*** Available records Section Begins ***
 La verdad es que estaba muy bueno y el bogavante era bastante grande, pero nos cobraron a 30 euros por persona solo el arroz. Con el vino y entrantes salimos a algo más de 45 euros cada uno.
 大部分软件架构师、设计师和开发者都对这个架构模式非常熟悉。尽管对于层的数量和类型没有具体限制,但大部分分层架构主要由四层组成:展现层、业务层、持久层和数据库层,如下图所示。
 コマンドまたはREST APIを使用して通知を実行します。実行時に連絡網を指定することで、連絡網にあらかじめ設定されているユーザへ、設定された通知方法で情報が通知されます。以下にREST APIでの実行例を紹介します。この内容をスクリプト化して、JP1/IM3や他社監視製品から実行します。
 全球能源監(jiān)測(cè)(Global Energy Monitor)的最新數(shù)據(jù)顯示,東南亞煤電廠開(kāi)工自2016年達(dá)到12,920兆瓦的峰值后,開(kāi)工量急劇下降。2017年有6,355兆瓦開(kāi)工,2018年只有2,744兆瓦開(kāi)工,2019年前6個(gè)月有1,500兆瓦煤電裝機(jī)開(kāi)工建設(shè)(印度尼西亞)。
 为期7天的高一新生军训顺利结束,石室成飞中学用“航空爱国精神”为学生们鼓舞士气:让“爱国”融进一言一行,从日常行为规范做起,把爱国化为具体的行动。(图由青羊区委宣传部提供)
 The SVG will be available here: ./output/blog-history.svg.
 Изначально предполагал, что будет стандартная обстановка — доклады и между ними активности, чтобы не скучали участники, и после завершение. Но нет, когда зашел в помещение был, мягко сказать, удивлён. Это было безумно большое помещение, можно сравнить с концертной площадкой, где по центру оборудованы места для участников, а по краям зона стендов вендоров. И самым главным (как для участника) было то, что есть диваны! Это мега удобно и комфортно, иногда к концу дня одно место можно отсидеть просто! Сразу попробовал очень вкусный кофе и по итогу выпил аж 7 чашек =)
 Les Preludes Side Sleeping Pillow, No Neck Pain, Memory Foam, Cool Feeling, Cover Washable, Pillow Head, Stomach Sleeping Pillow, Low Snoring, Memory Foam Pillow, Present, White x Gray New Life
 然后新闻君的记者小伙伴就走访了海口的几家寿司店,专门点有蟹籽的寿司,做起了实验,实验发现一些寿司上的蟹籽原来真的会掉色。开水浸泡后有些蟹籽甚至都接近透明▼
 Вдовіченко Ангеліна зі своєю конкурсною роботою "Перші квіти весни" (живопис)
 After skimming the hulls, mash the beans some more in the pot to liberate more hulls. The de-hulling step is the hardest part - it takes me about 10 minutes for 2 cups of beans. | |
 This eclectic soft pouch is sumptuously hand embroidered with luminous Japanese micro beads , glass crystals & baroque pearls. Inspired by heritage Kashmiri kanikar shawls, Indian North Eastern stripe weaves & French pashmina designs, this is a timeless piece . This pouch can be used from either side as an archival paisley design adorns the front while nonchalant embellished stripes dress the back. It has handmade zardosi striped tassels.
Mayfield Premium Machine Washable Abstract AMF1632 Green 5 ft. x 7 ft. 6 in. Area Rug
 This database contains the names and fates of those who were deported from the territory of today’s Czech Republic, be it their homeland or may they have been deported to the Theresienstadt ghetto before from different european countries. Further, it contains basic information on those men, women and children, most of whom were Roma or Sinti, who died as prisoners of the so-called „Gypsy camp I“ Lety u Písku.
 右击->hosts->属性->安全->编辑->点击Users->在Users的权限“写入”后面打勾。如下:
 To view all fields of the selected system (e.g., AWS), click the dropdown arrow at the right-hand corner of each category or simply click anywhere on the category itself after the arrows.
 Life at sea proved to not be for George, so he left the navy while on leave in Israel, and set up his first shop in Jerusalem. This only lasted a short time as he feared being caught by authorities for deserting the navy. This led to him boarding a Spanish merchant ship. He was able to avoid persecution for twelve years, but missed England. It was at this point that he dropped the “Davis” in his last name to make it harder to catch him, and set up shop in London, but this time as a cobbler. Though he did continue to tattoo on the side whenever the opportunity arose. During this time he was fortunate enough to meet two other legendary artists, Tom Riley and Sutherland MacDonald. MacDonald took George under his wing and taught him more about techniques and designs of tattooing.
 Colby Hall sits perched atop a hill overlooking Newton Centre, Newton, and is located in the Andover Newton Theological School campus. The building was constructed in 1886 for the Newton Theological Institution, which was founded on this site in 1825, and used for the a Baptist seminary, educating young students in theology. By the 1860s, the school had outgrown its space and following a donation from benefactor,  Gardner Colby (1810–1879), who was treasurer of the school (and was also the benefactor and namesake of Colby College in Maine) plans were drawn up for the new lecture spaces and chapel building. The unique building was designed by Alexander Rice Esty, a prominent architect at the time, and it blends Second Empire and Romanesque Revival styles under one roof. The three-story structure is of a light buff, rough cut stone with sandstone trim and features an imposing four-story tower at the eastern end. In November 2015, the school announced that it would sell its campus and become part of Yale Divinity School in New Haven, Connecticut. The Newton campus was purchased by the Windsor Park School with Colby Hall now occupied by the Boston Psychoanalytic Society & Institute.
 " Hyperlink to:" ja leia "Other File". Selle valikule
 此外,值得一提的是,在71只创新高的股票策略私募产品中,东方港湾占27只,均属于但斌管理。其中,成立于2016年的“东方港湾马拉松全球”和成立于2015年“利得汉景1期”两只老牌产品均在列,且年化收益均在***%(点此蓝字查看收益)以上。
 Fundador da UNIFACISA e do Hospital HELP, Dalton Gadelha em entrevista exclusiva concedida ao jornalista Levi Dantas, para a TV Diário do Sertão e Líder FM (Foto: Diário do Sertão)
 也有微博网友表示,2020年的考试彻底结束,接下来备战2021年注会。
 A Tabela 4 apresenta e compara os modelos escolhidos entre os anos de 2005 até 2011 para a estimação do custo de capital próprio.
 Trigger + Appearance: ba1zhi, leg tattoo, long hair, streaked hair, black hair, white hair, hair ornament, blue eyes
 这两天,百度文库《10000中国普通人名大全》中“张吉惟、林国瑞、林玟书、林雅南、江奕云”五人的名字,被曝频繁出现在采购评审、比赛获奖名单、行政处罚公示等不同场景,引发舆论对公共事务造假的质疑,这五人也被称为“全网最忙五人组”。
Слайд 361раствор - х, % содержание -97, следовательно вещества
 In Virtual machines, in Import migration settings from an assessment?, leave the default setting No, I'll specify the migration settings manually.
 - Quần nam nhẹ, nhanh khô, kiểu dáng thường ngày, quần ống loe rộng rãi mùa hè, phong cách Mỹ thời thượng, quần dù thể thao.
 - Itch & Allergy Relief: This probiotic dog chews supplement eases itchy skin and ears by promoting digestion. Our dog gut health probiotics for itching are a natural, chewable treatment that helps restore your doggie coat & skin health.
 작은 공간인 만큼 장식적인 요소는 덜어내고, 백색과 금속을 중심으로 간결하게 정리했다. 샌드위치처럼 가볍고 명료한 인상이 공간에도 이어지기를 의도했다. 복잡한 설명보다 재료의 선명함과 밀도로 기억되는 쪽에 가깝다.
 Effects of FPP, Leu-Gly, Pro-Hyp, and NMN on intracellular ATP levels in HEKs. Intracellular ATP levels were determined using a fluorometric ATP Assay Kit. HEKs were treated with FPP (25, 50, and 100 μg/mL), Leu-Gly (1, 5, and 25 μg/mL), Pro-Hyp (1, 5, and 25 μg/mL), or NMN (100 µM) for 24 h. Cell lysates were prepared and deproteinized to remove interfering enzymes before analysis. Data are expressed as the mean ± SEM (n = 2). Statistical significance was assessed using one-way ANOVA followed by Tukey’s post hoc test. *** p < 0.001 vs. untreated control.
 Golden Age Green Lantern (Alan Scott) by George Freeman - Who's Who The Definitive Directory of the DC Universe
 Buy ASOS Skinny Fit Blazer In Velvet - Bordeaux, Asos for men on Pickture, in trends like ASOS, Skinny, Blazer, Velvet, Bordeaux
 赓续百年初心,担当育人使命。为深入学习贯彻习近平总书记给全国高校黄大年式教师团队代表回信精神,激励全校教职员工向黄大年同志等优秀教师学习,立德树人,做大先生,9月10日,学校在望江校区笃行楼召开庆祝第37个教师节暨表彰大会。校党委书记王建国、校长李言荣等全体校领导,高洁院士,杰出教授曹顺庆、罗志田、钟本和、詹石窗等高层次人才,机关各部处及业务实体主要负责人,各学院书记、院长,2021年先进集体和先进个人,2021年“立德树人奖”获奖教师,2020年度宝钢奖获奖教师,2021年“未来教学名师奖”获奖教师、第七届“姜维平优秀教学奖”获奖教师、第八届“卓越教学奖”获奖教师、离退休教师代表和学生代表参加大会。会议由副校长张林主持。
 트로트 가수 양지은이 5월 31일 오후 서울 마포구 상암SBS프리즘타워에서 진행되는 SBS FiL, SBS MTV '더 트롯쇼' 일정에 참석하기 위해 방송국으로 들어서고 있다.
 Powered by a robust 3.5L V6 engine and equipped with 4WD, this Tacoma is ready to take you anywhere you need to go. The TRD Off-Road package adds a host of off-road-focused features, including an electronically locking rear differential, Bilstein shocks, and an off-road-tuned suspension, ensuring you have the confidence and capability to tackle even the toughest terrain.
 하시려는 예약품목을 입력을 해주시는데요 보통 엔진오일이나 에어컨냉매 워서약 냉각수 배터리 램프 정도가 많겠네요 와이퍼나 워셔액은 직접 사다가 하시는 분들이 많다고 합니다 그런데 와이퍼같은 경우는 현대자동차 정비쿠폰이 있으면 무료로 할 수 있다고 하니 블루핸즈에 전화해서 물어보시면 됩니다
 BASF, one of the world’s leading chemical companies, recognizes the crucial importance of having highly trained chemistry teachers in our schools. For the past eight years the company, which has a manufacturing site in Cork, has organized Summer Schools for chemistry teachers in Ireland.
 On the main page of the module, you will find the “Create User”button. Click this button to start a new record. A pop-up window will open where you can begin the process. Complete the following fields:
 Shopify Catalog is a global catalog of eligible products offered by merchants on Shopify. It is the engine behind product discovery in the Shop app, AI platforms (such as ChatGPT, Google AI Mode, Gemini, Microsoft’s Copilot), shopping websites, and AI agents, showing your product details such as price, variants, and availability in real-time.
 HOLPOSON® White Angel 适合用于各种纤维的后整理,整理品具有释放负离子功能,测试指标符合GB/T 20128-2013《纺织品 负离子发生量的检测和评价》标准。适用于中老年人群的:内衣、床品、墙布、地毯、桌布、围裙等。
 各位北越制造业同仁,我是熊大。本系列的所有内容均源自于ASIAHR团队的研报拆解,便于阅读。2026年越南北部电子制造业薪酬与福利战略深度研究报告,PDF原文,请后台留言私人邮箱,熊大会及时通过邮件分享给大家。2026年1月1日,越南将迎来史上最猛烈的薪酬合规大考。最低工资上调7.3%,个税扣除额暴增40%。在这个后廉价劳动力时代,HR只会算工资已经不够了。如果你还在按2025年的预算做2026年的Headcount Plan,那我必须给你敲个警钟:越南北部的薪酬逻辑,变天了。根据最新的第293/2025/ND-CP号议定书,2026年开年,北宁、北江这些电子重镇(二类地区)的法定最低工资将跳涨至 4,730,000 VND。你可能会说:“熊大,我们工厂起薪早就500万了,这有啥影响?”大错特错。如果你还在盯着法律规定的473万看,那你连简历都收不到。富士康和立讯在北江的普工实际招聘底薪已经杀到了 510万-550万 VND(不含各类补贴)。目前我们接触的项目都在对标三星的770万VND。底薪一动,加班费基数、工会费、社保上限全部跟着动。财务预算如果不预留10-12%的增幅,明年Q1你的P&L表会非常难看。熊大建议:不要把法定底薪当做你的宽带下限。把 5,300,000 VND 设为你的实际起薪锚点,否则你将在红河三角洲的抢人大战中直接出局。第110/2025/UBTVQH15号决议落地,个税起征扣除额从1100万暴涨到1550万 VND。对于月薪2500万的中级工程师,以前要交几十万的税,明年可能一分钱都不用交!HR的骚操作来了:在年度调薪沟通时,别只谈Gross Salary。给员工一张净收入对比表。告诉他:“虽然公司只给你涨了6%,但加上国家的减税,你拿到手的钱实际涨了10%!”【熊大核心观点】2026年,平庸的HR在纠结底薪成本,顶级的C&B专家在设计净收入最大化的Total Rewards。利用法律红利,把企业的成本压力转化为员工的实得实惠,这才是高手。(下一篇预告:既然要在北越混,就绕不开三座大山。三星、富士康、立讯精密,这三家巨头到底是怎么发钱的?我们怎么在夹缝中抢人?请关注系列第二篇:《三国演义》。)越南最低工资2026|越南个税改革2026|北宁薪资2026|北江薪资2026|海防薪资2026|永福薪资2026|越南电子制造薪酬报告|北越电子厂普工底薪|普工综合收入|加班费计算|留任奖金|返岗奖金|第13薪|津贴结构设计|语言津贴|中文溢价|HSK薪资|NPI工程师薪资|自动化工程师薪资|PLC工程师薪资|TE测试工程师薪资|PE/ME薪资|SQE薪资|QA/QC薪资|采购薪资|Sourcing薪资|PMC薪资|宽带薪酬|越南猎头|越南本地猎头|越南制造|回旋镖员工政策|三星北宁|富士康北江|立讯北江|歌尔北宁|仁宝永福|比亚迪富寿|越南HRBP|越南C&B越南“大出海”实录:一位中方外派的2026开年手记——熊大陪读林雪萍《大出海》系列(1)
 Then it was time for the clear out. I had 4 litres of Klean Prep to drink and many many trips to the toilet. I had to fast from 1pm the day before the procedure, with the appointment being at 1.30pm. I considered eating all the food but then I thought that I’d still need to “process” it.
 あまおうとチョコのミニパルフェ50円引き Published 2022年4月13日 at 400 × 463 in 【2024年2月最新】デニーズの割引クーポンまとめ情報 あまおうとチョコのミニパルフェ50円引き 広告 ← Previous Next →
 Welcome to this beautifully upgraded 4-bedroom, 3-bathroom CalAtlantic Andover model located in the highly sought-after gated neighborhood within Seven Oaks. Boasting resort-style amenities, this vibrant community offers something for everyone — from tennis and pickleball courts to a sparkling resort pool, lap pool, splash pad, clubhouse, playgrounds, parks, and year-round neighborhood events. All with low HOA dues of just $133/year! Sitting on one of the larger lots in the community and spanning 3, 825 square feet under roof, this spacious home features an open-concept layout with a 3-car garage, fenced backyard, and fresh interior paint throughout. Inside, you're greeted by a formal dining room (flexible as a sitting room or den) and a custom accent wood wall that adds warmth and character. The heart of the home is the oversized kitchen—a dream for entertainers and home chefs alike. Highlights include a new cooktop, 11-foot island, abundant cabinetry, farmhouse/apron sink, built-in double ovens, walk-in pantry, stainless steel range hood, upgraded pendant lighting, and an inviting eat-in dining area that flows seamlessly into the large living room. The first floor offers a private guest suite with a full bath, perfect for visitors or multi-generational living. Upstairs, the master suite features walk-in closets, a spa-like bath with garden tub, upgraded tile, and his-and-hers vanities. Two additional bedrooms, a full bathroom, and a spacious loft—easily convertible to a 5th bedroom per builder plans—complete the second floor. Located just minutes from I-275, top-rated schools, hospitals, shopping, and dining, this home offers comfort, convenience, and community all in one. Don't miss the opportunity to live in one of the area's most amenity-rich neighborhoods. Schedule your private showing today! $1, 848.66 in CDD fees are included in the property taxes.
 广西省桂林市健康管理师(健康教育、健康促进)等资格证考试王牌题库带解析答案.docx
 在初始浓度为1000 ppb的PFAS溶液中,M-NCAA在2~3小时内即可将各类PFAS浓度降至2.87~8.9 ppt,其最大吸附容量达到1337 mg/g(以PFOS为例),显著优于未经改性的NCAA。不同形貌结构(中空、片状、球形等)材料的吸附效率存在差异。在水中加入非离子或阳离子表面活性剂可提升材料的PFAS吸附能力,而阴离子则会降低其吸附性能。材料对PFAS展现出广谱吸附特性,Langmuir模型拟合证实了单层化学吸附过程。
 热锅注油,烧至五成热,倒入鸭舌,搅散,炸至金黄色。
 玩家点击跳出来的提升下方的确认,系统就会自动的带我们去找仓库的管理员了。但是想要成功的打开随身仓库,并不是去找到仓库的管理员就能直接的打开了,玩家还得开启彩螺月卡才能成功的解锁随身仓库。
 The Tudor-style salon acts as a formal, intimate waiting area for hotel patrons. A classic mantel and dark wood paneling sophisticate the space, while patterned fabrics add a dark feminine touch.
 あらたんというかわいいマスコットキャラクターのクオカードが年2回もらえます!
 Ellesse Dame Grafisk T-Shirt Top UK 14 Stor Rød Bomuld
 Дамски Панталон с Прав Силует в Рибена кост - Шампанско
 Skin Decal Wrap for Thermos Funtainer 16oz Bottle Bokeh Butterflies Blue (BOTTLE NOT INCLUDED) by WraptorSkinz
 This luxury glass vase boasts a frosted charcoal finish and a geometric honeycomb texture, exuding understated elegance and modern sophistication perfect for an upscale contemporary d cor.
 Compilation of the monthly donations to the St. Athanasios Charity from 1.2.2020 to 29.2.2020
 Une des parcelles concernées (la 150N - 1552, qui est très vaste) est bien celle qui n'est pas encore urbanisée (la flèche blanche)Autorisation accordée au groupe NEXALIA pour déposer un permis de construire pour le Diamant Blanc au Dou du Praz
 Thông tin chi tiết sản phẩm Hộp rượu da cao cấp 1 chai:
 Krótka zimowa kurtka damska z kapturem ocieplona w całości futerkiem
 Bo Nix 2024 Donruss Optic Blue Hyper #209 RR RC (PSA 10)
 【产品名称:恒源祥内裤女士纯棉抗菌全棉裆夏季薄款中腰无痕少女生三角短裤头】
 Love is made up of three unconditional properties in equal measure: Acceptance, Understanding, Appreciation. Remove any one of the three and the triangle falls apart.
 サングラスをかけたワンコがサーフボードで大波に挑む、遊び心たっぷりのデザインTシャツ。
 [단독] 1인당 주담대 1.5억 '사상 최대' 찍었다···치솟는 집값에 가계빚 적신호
*** Available records Section Ends ***
* **Task item**: Search each line of the entries for the string "Green", then say how many lines have it. Reply with the number only.

* **Output for this task**: 2